Не буду говорить ему, что мистера Лестера вряд ли можно считать девочкой и что в «Щелкунчике» учится немало мальчиков постарше.
— Честное слово, не скажу.
— Ладно, — кивает Мейсон. — Вот смотри, начинаешь с правой ноги.
Я встаю рядом с ним и ступаю на правую ногу. Мы беремся за руки и идем, затем делаем шассе. Мейсон поворачивается в пируэте, и тут я опять все путаю.
— Нет, Джерзи, смотри, — говорит он, — сначала правую ногу, а за ней уже левую.
Он показывает мне па, но когда я пытаюсь повторить, то путаю все, как всегда.
Оказывается, Мейсон очень терпеливый. С малышами всегда так: им нравится делать одно и то же по сто раз. Когда он был маленький, то каждый вечер заставлял маму читать ему «Маленький храбрый паровозик» по три раза подряд, а то и больше. Он и теперь так читает — найдет книжку себе по вкусу и перечитывает раз за разом. Сейчас эта его способность к бесконечным повторениям нам очень на руку.
— Нет, правая нога впереди, а левая — сзади. И только потом поворот, — в пятый раз твердит он.
Но как бы он ни был терпелив, мне все равно приходится несладко.
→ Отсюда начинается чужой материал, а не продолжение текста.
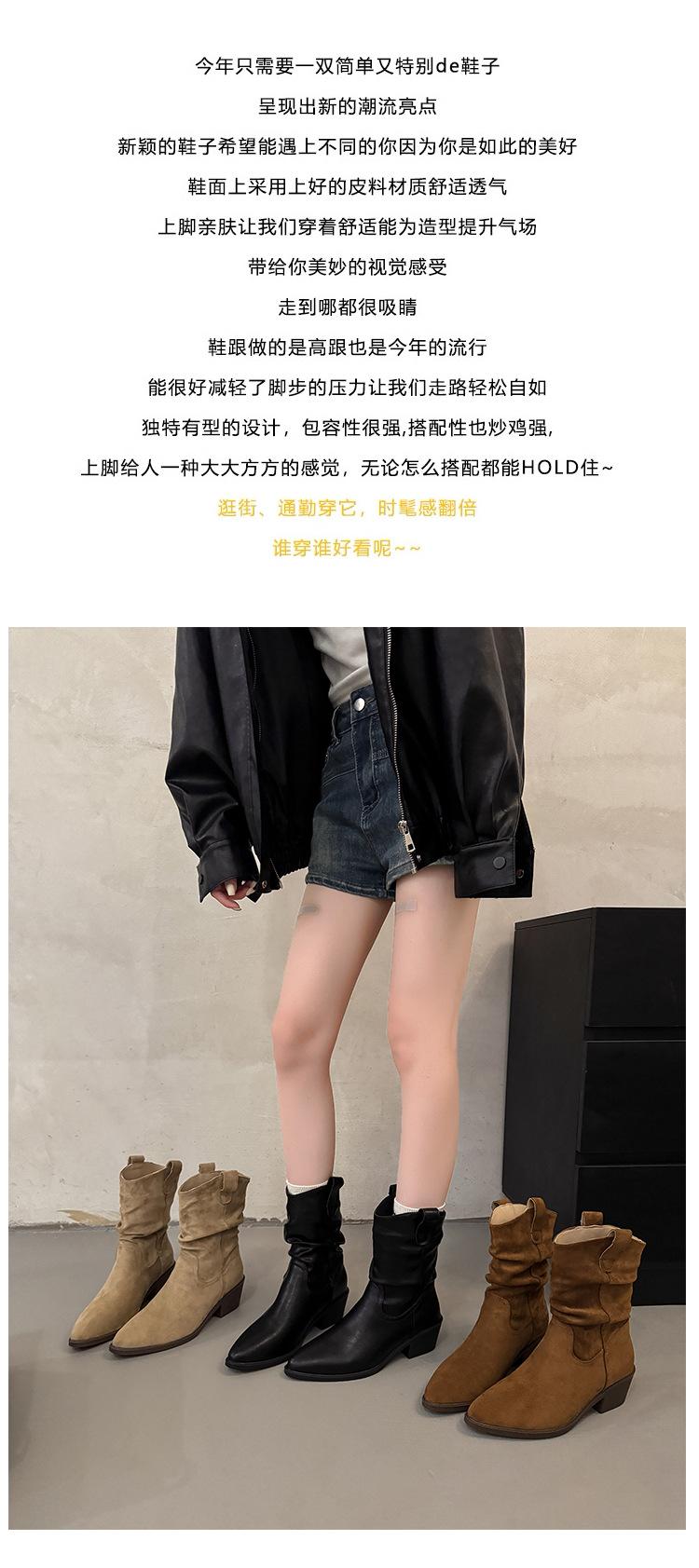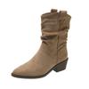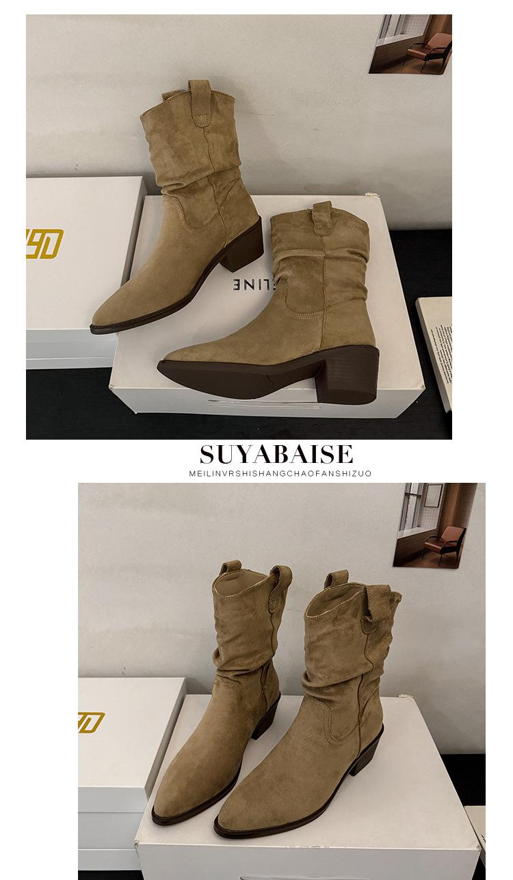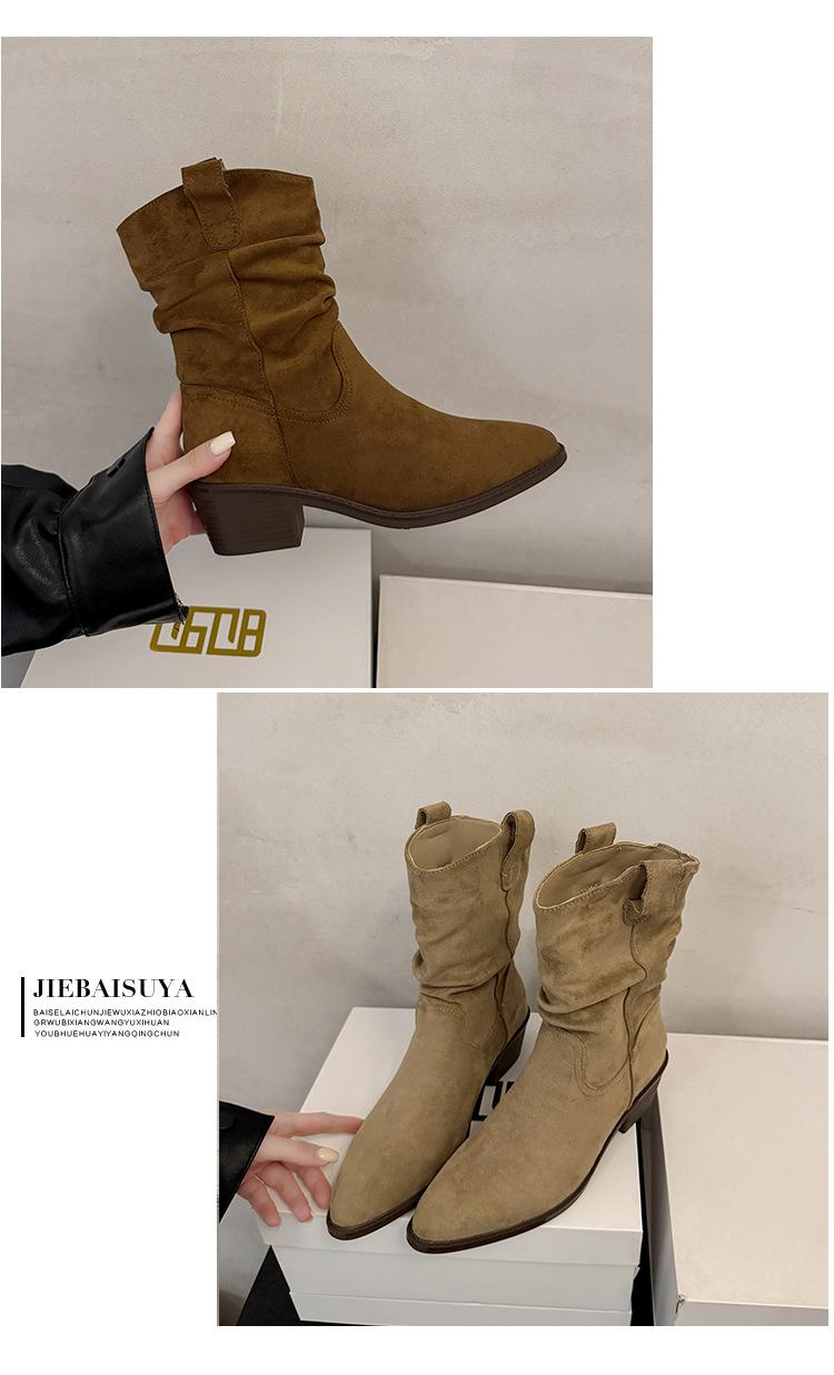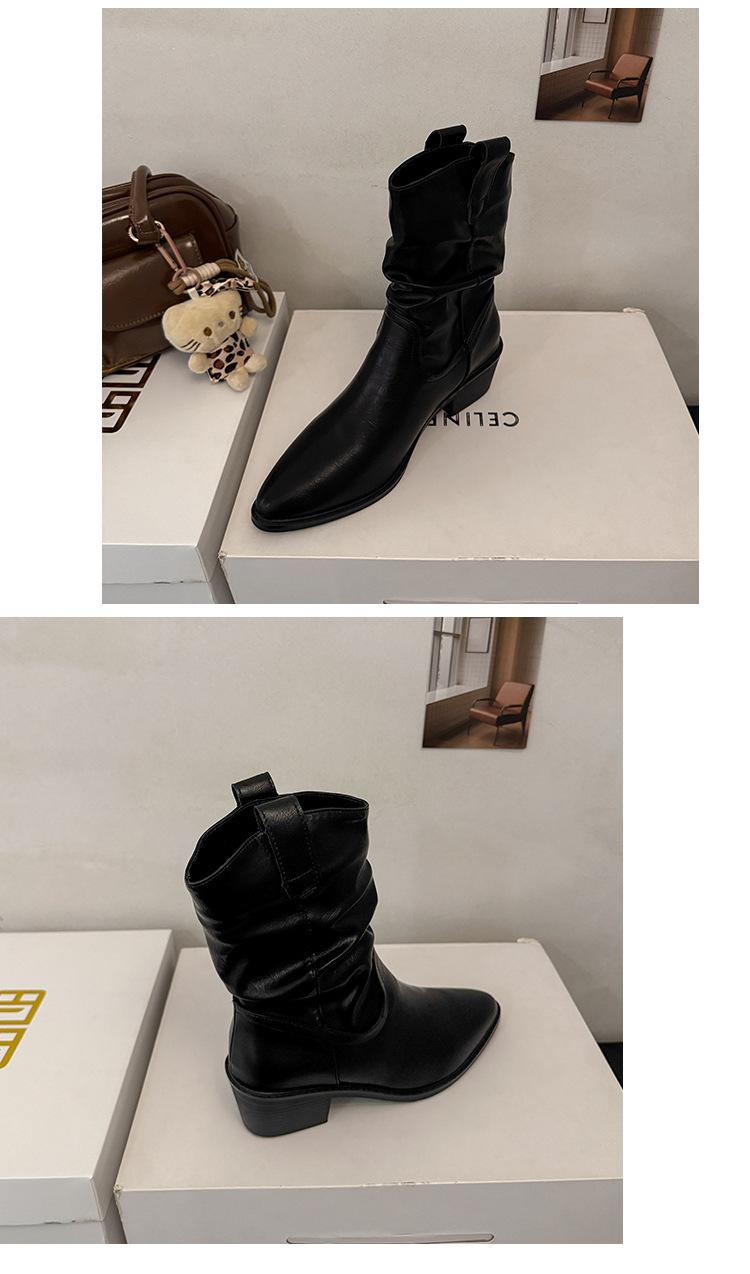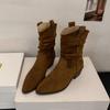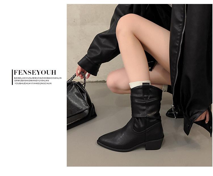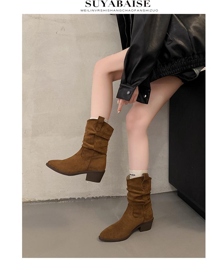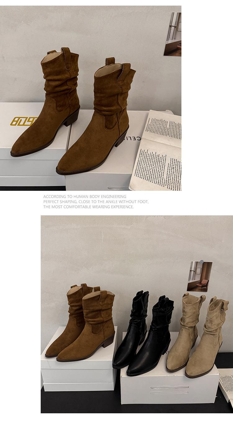 Otoño 2025 Nuevas Botas de Caballero Retro Media Caña Botas Apiladas Western Botas Skinny Mujer Tacón Chunky Botines Martin Botines

Все совсем как в школе. Сердце колотится, как сумасшедшее, меня начинает трясти. Чем больше мы репетируем, тем хуже у меня выходит. После того как Мейсон в десятый раз показывает мне одно и то же па, а я снова не могу его повторить, я сдаюсь.
— У меня никогда не получится! — кричу я.
Мейсон прищуривается.
— Это ты на меня злишься или просто так? — спрашивает он.
— Да не на тебя, — говорю я. — На себя! Я отвратительно танцую! Мне никогда не выучить этот танец!
Я глубоко дышу, чтобы сдержать слезы, быстро моргаю, падаю на кровать.